MVC Component of the BCBSM P4P Program: PY23 in Review

This month the Michigan Value Collaborative (MVC) Coordinating Center distributed the final scorecards for Program Year (PY) 2023 of the MVC Component of the Blue Cross Blue Shield of Michigan (BCBSM) Pay-for-Performance (P4P) Program. The 2023 program year was the second year of a two-year cycle for which hospitals were evaluated using MVC data. Hospitals were scored on two conditions that they selected from seven options: chronic obstructive pulmonary disease (COPD), colectomy, congestive heart failure (CHF), coronary artery bypass graft (CABG), joint replacement, pneumonia, and spine surgery. Figure one shows the frequency of hospital condition selections for the two-year program cycle. Joint replacement was the most commonly selected condition, and colectomy was selected the least.

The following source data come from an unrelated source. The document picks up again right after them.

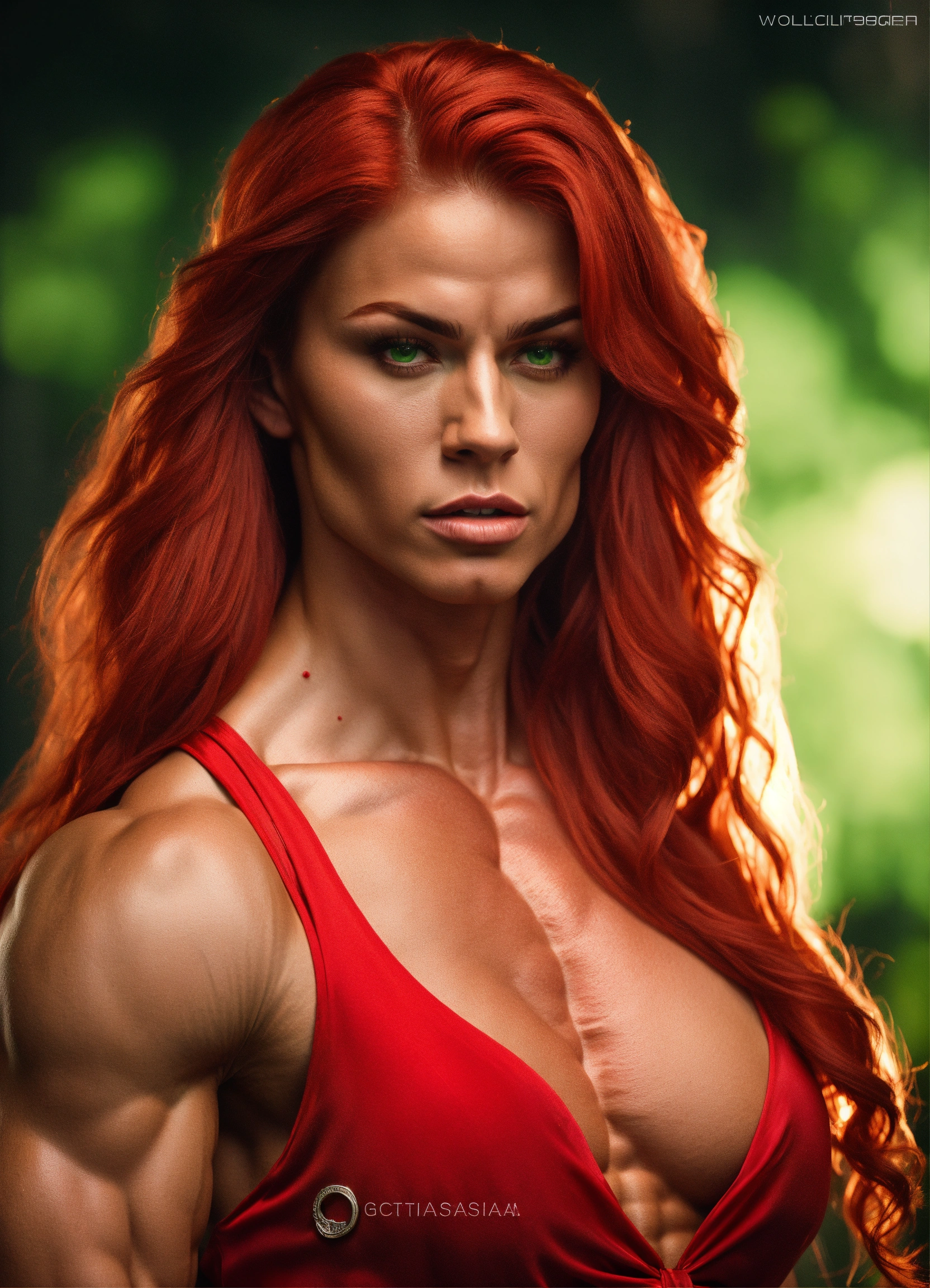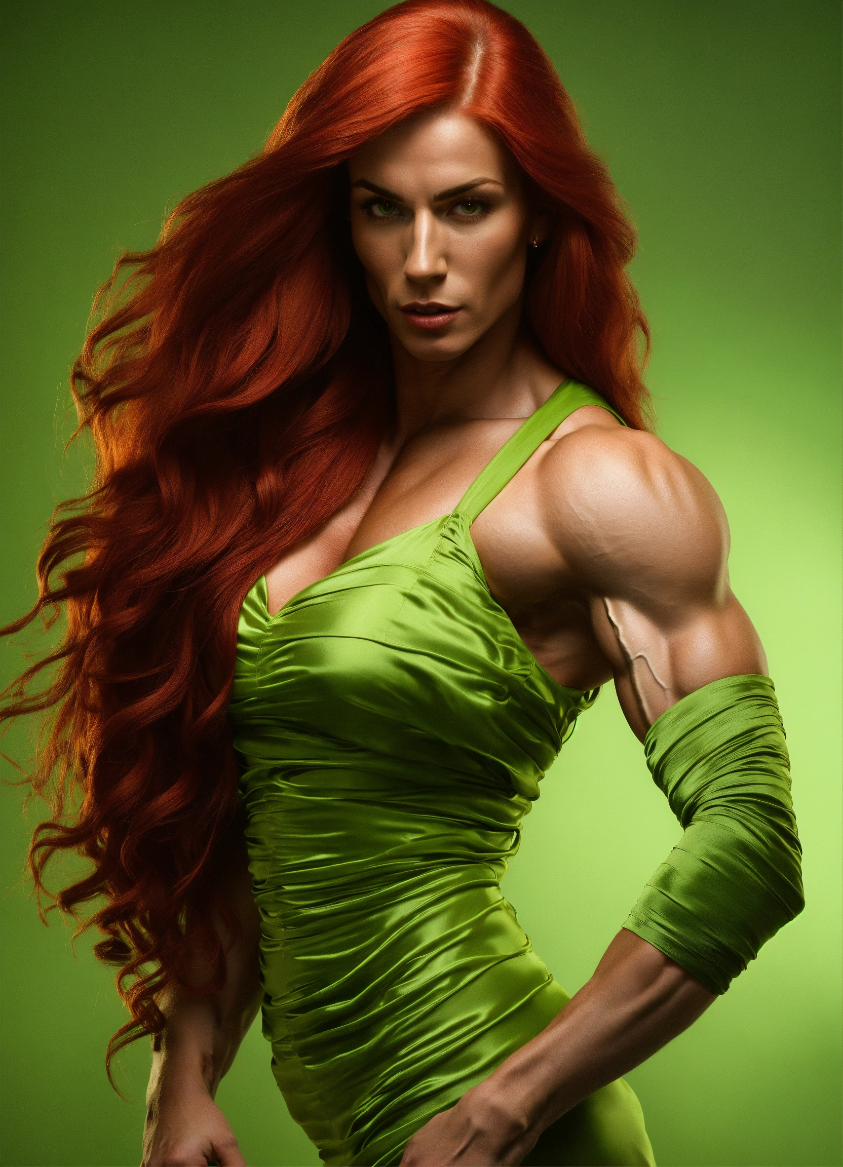 Anastasia2, woman, long red plaited hair, (((muscular))), hypermuscle, (((bodybuilder))), (((tall))), handsome, feminine, intricate, elegant, highly detailed, full figure, large biceps, long light green silk dressfull face
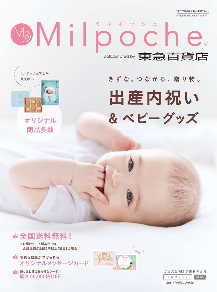出産内祝いギフト&ベビーグッズの通信販売と妊産婦さんへの情報サービス提供を行う株式会社メリックス(本社:大阪市北区、代表取締役:岩永 弘志)は、株式会社東急百貨店とコラボレーションした出産内祝いカタログ『ミルポッシェ』の2022年版を発行いたしました。
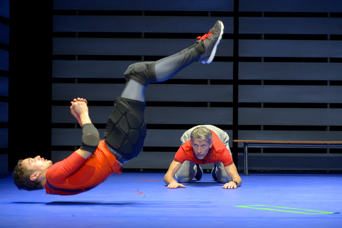 Entre l’acteur et auteur Jacques Gamblin et le danseur Bastien Lefèvre, le courant passe. Si parfois il est électrique c’est pour mieux court-circuiter le manque de vigilance ou la tentation du renoncement, tout ce qui nous pousse à tourner le dos aux rêves que nous nous sommes fixés. Ce spectacle qui propose le face à face d’un entraineur et son athlète ne fait pas l’apologie des gagnants sans scrupule ni morale. Il raconte plutôt la façon dont l’humilité, la patience, la confiance permettent de réaliser ses désirs.
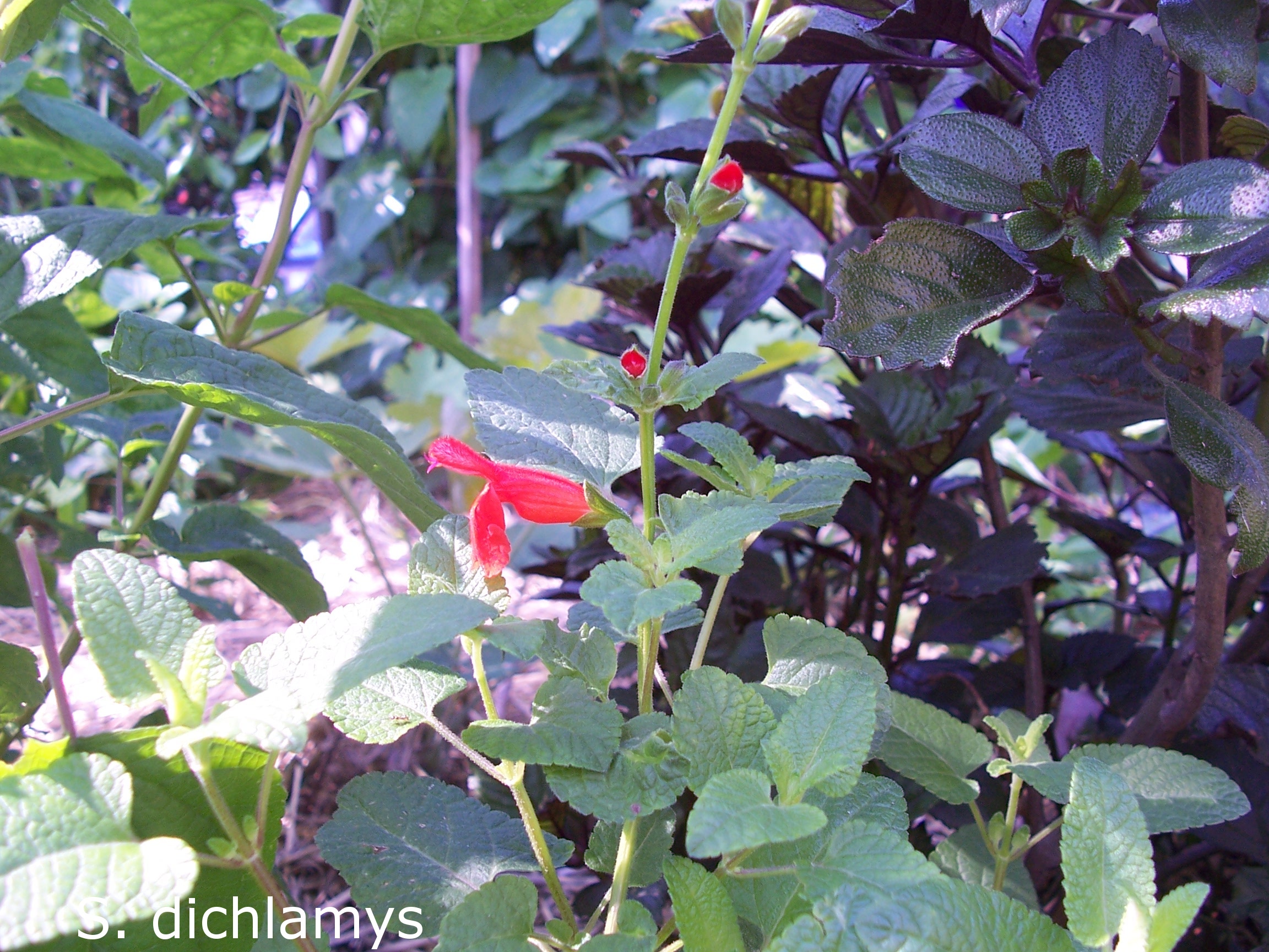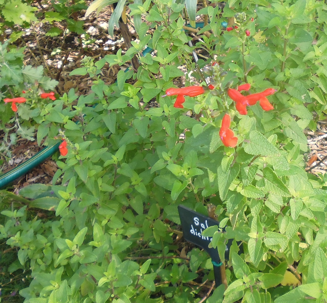 Salvia dichlamys: A small subshrub 40-60cm H for a sunny position with bright vermilion flowers during summer.

Figure 1. Distribution of Hospital Condition Selections for PY 2023

The MVC Component of the BCBSM P4P Program evaluates each participating hospital’s risk-adjusted, price-standardized, average 30-day episode payments for their two selected conditions through two methods. Hospitals can earn points by reducing their payments from the baseline period (which included index admissions in 2020) to the performance period (which included index admissions in 2022). These are termed “improvement points.” Alternatively, hospitals can earn points by being less expensive than the other hospitals in their cohort. These are referred to as “achievement points.” The MVC cohorts are groups of hospitals determined to be peers using bed size and case mix index.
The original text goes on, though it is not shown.